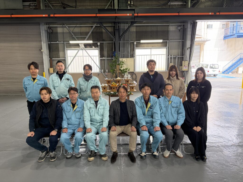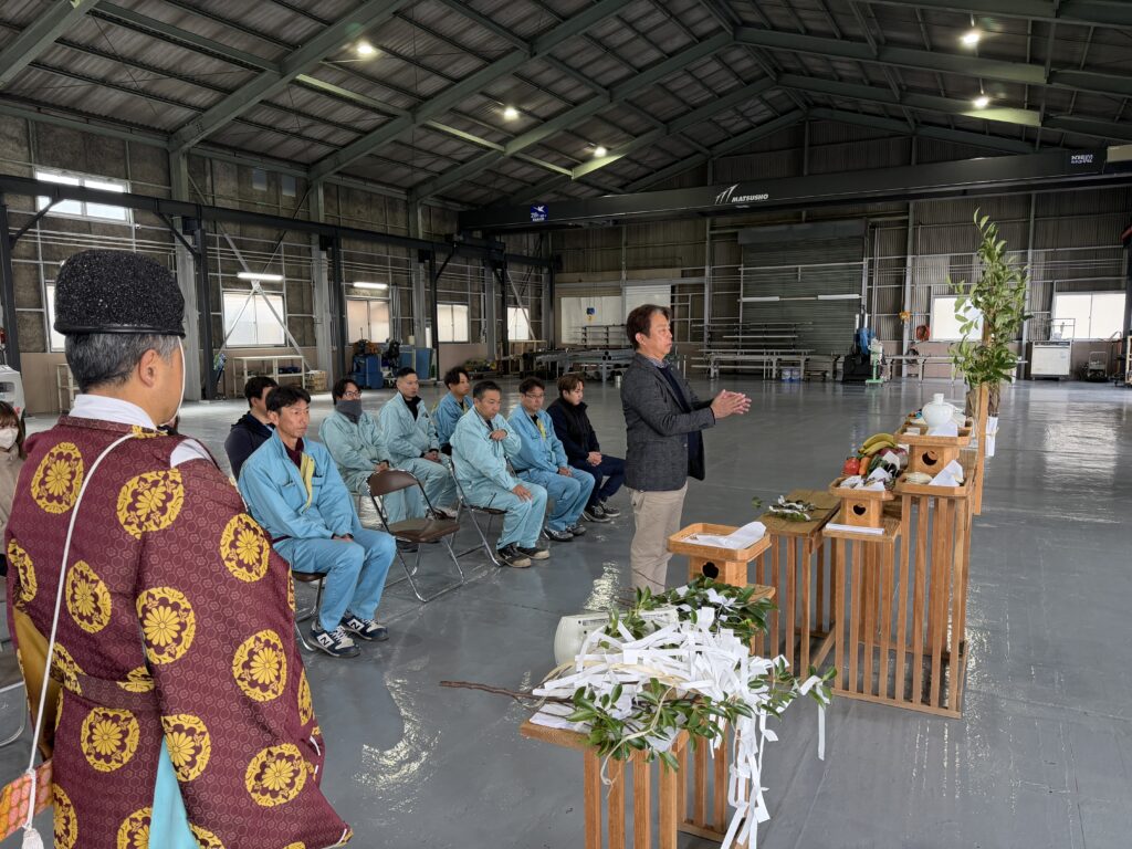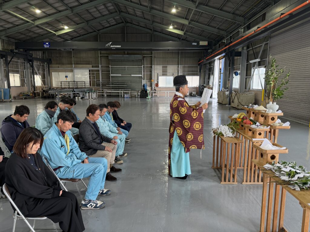 福田神社の宮司さんに来ていただき、産土神へ工事が無事終わったことへの感謝を表し、朝日に照らされ、夕日に輝く工場であるように祈りを捧げました。
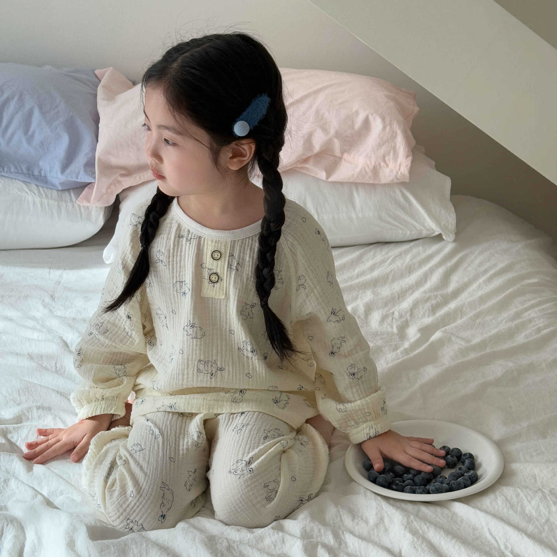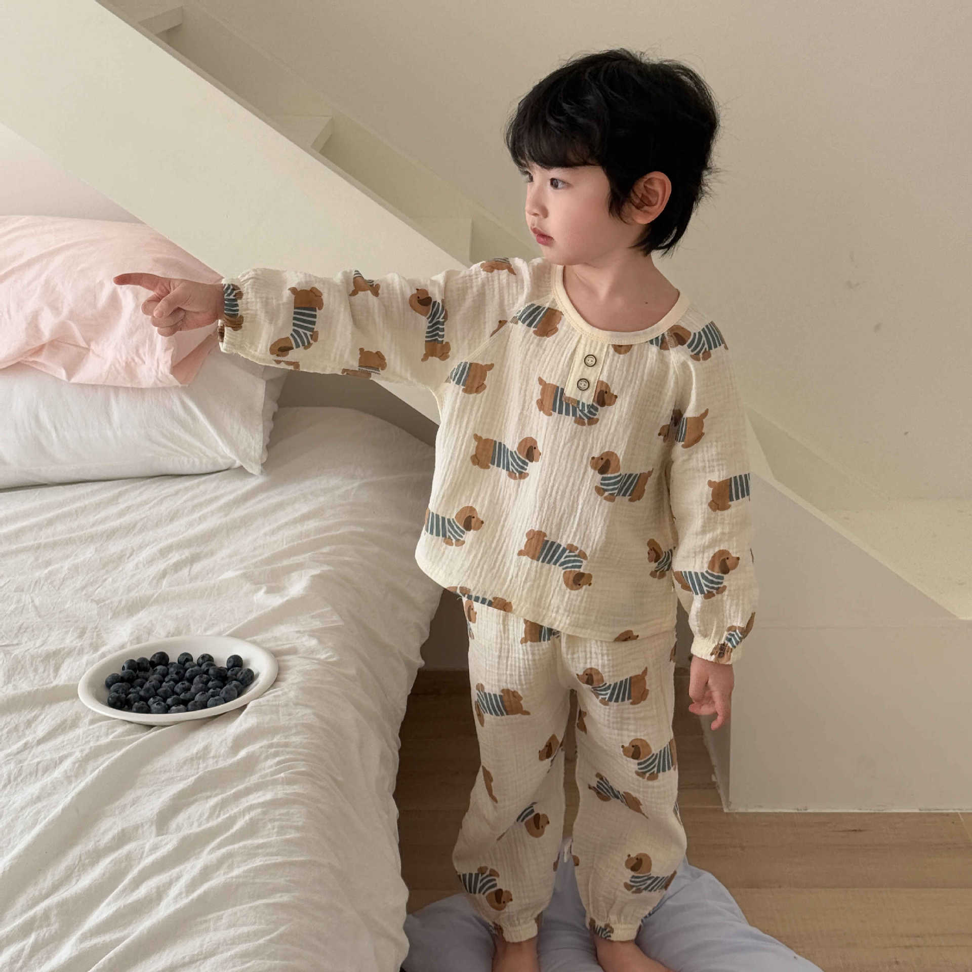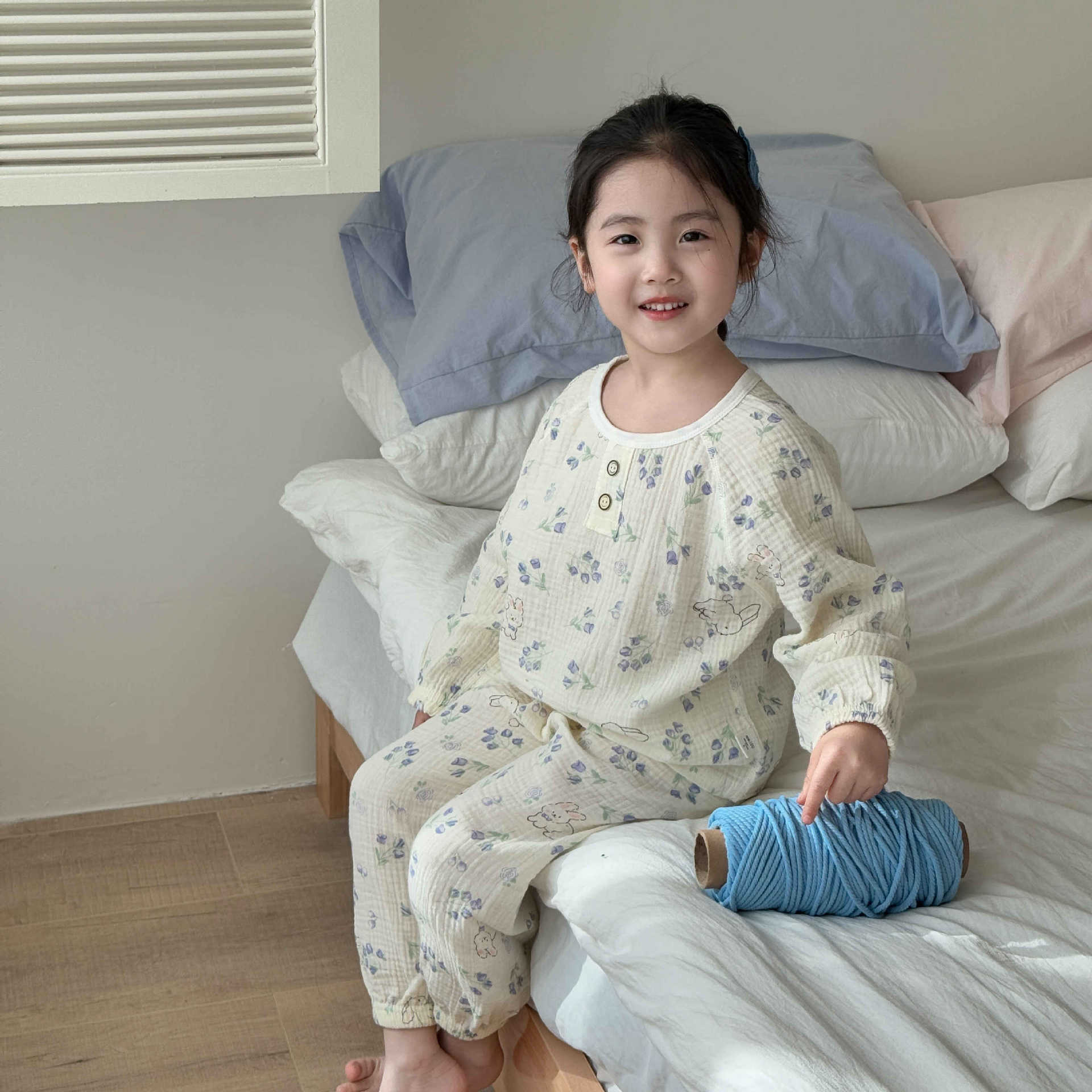 2025 새로운 어린이 뼈없는 순수 코튼 거즈 잠옷 봄과 여름 코튼 거즈 홈 의류 소녀 느슨한 긴팔 에어컨 옷스토어 가기
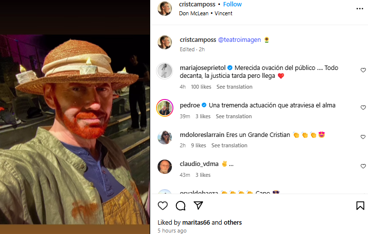 En su regreso a los escenarios también estuvo Fotech.cl, quienes consignaron que tras finalizar la obra, Cristián Campos recibió una gran ovación del público y de sus compañeros de elenco.
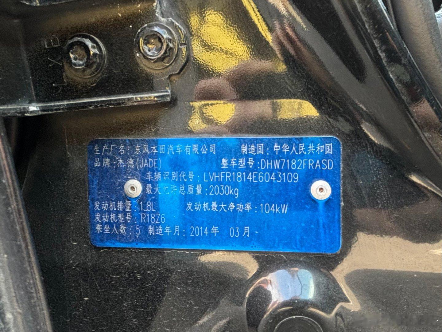 2014年本田杰德1.8自动
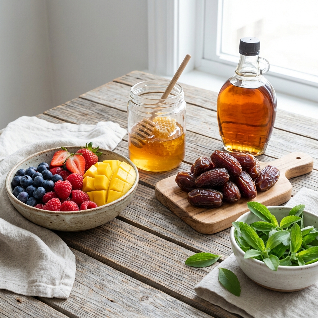 Stevia and monk fruit are zero-calorie natural sweeteners. They do not raise blood sugar at all. Great options if you are specifically trying to reduce sugar intake while still enjoying sweet tastes.
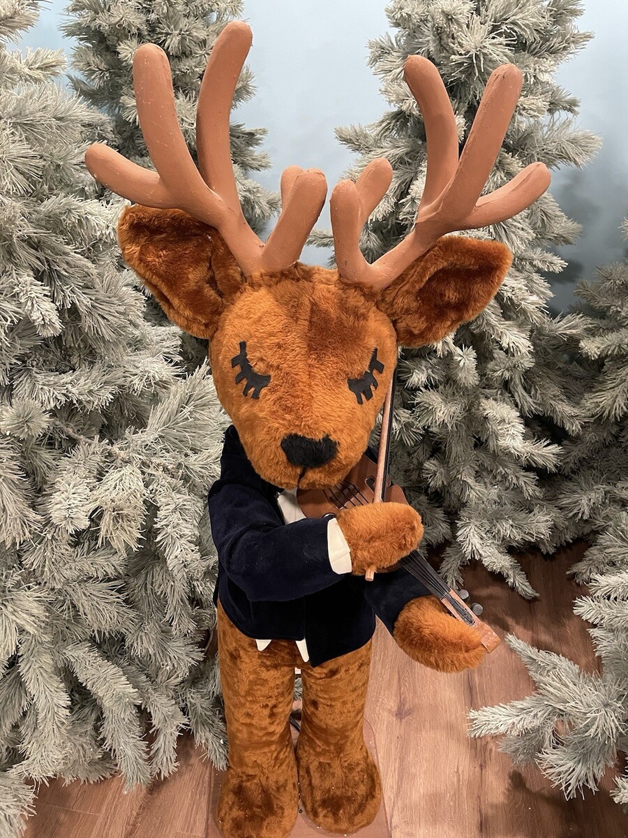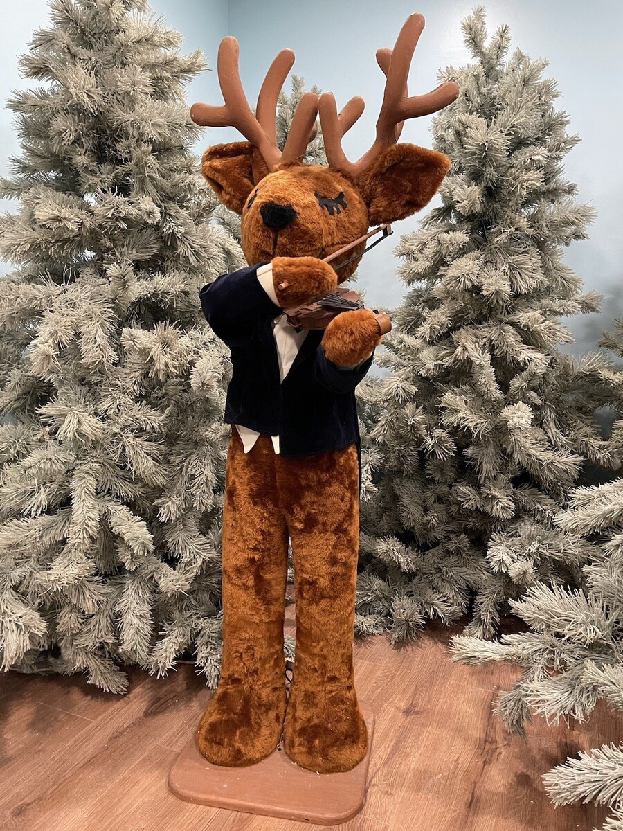 Vintage 60” Tall Animated Display Reindeer With Violin By David Hamberger
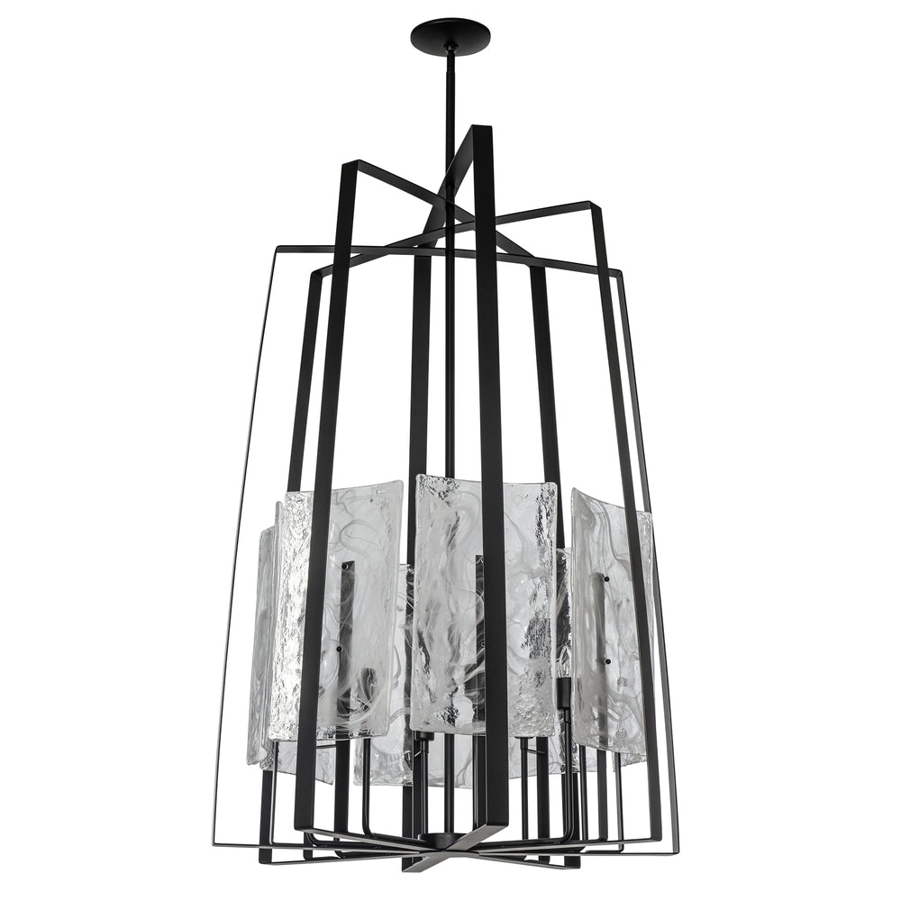 With its lantern nearly 4.5 ft tall and 3 ft wide, the Arc 8-Light Tall Pendant makes a statement. And, this pendant's easy-to-adjust Multi-Stem system with rods that can be configured to over 7 ft in length, this lighting makes any room "grand". The Arc's hallmark thick, hand poured, slightly convex glass panels with freeform white "swirls" have both depth and clarity, giving a contemporary twist to a traditional form.

◆ What to produce ◆
Nothing but the lines from the one containing "By David Hamberger" through the final line of the entries above should be given again, each exactly as written; omit the pictures.

◆ Task response ◆
 Vintage 60” Tall Animated Display Reindeer With Violin By David Hamberger
 With its lantern nearly 4.5 ft tall and 3 ft wide, the Arc 8-Light Tall Pendant makes a statement. And, this pendant's easy-to-adjust Multi-Stem system with rods that can be configured to over 7 ft in length, this lighting makes any room "grand". The Arc's hallmark thick, hand poured, slightly convex glass panels with freeform white "swirls" have both depth and clarity, giving a contemporary twist to a traditional form.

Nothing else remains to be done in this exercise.